The development of a representative task list may be derived from previous data collection methods, such as focus groups or cognitive walkthroughs. The complexity of the tasks will determine how many the user (or expert evaluator) will be able to complete within the given time frame, but a typical number of tasks for a 2-hour usability session may be around ten or so. Ten tasks is also a good sweet spot for expert evaluators – providing them enough hands-on experience for a comprehensive evaluation while not exceeding the scope of product features that can reasonably be considered for evaluations. Quantitative metrics related to task performance may include measurements of task success, time on task, and the number of errors performed while attempting to complete a task.

The main steps involved when conducting a benchmark study include:

  1. Set the usability goals for the study, and determine the closest competitors in the product space
  2. Create a core list of representative tasks, and be sure to include the competitive features of interest in the task flow(s)
  3. Pilot test with a few participants, and make changes
  4. Recruit and qualify representative users (if using actual users)
  5. Present the tasks to users in a counterbalanced order
  6. Gather any post-test measures (e.g., System Usability Scale)
  7. Analyze the data, and create a report that summarizes whether the predetermined usability goals were met, which areas need improvement, and how the competition stacks up

What is the output?

Benchmark studies typically produce a lot of raw data. When constructing the final report, it is helpful to go back to the research objectives in order to create a cogent message, and effectively communicate the findings to stakeholders and team leaders.

The final report will likely include a “scorecard” that compares products or interfaces across selected criteria/features, a combination of screenshots or pictures of the product or UI with associated call-outs, charts and tables of the quantitative data (e.g., time on task, percentage of task success, etc.), user quotes, and actionable recommendations for improvements.
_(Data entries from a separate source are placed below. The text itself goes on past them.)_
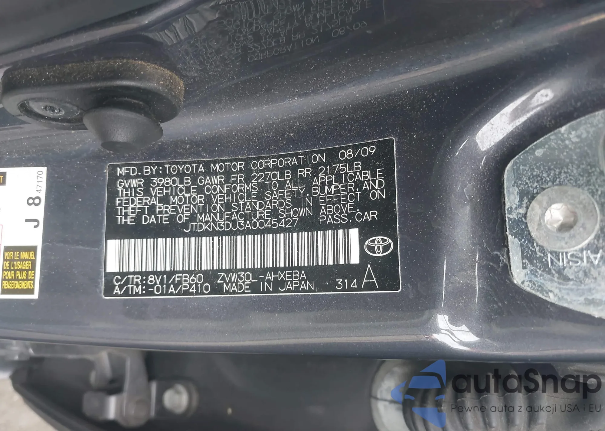 • VIN 5TDACAB53SS031415
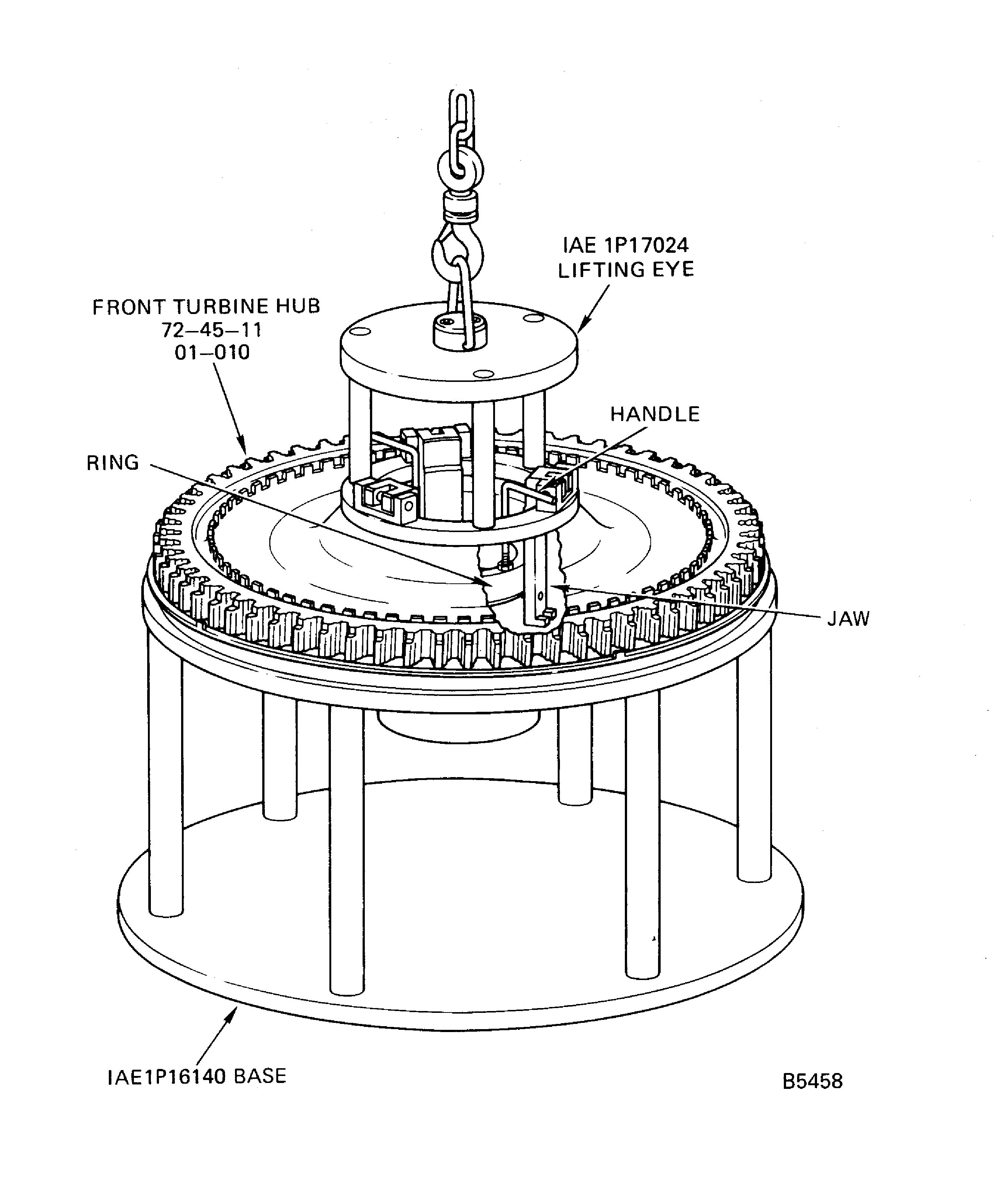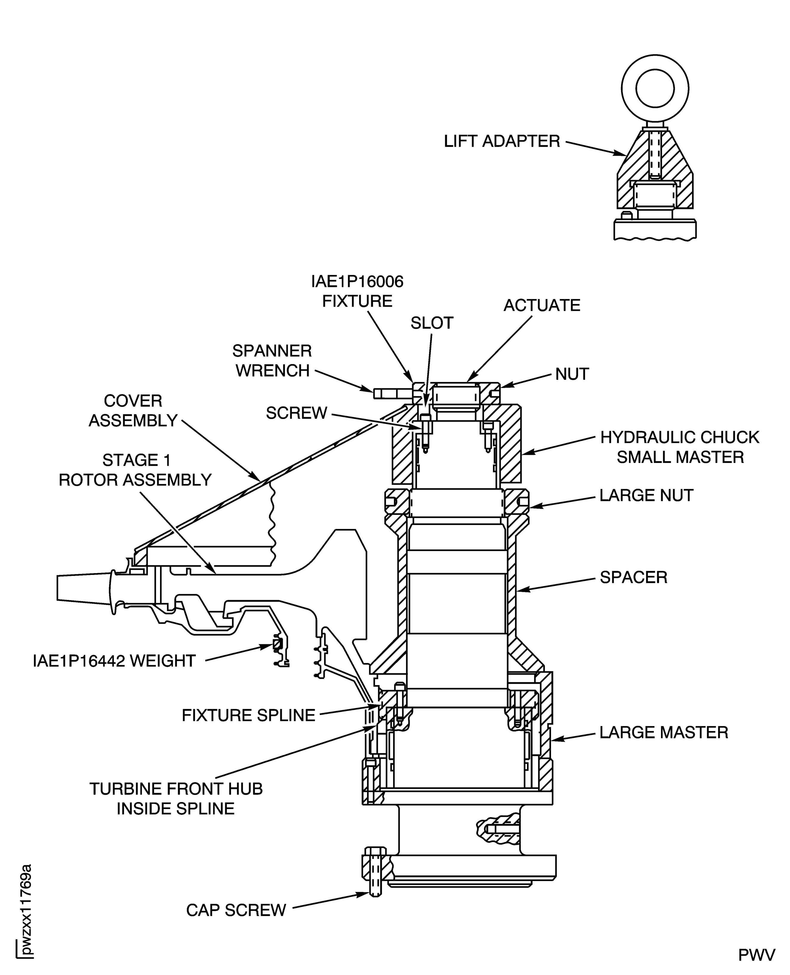Install the IAE 1P17024 Lift fixture 1 off in the bore of the turbine hub.
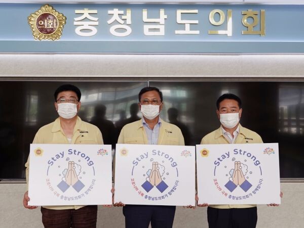 [무한뉴스] 충남도의회 안전건설소방위원회 소속 이계양 위원장과 지정근·전익현 의원은 21일 신종 코로나바이러스 감염증 위기 극복을 위한 스테이 스트롱 캠페인에 동참했다.

The results from the benchmark study can be used to influence the product roadmap, including specific design change recommendations and points of differentiation from the competition.

Final Thoughts

Integrating insights from both A/B testing and usability benchmark testing can make a positive impact on the usability and overall experience of a product or service. Fine-tuning a design during the summative testing phase, for instance, can help to optimize your product or service for launch. Similarly, seeing how a live product stacks up against its competitors can help you differentiate future versions of your product or service from the competition. Although UX researchers test interfaces at all stages of the design cycle, the methods discussed here are typically reserved for later design stages when the system under development is fully functional so that they can be fine-tuned, and final decisions on feature lists can be made.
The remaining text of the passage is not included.